- Born: Australia
- Other name: Sabet Cox
- Education: University of Melbourne
- Occupation: Community development specialist
- Known for: Development work in Papua New Guinea and other Pacific countries

= Elizabeth Cox (humanitarian) =

Australian community development specialist

Elizabeth (Sabet) Cox is an Australian national who has lived and worked in the East Sepik Province of Papua New Guinea (PNG) for four decades. Together with others, she founded HELP-Resources, an NGO with a focus on rural and grassroots communities, in 1998. She later became Pacific Regional Director of UN Women.

==Early life==
Elizabeth Cox, commonly known as "Sabet", obtained an undergraduate degree from the University of Melbourne, Australia in social psychology and social work in 1972. She moved to PNG in 1973. In 1983, she obtained a Master's from the International Institute of Social Studies of Erasmus University Rotterdam with a thesis entitled "Women Oppressed - Women Organised in Planned Rural Resettlement Schemes". Resettlement schemes have involved the relocation of people from the Highlands Region of PNG to coastal and island areas in order to work on nucleus estates for oil palm.

==Work in PNG==
Cox was initially based in the Angoram District of the East Sepik Province, where she stayed for 20 years. She later moved to Wewak, the provincial capital of East Sepik. Her work involved promoting community development, both in East Sepik Province and in other areas of PNG, most notably the Highlands. Areas of work in which she has been involved include combatting HIV/AIDS, discouraging teenage pregnancies, and addressing drug and alcohol problems. She has also worked for UNICEF and Save the Children in Papua New Guinea. More recently, she has worked to improve the status and conditions of women vendors and the governance of municipal markets across Melanesia. She has also collaborated with the United Nations Research Institute for Social Development (UNRISD) on a project entitled "Mobilizing Revenues from Extractive Industries: Protecting and Promoting Children’s Rights and Well-Being in Resource-Rich Countries".
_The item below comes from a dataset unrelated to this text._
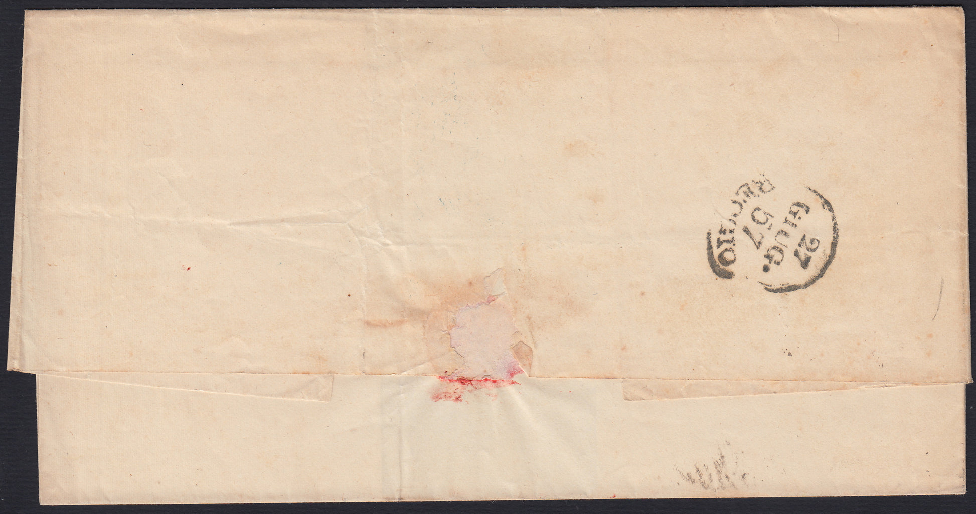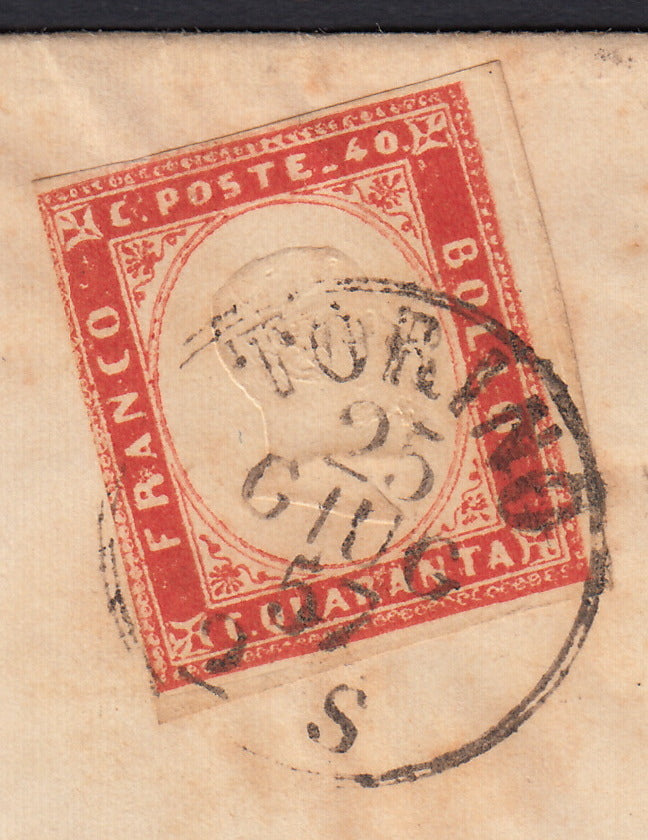 1857 - IV emissione c. 40 vermiglio I tiratura isolato su lettera da Torino per Reggio di Modena 25/6/57

In 1998, Cox and others developed the NGO, HELP-Resources. HELP is an acronym for Health, Education, Livelihood and Participation and the NGO now works across PNG and in the Pacific. In 2006, she moved to Suva in Fiji as Pacific Women Program Director for UN Women, staying there until 2012 before returning to PNG to develop toolkits and provide training on Violence against women issues in the Jiwaka and Hela provinces. She also provides online mentoring to development practitioners in PNG.

==Awards and honours==
- Cox was awarded a PNG Independence Medal in 2000 on the 25th Anniversary of the country's Independence and again in 2005 on the 30th Anniversary.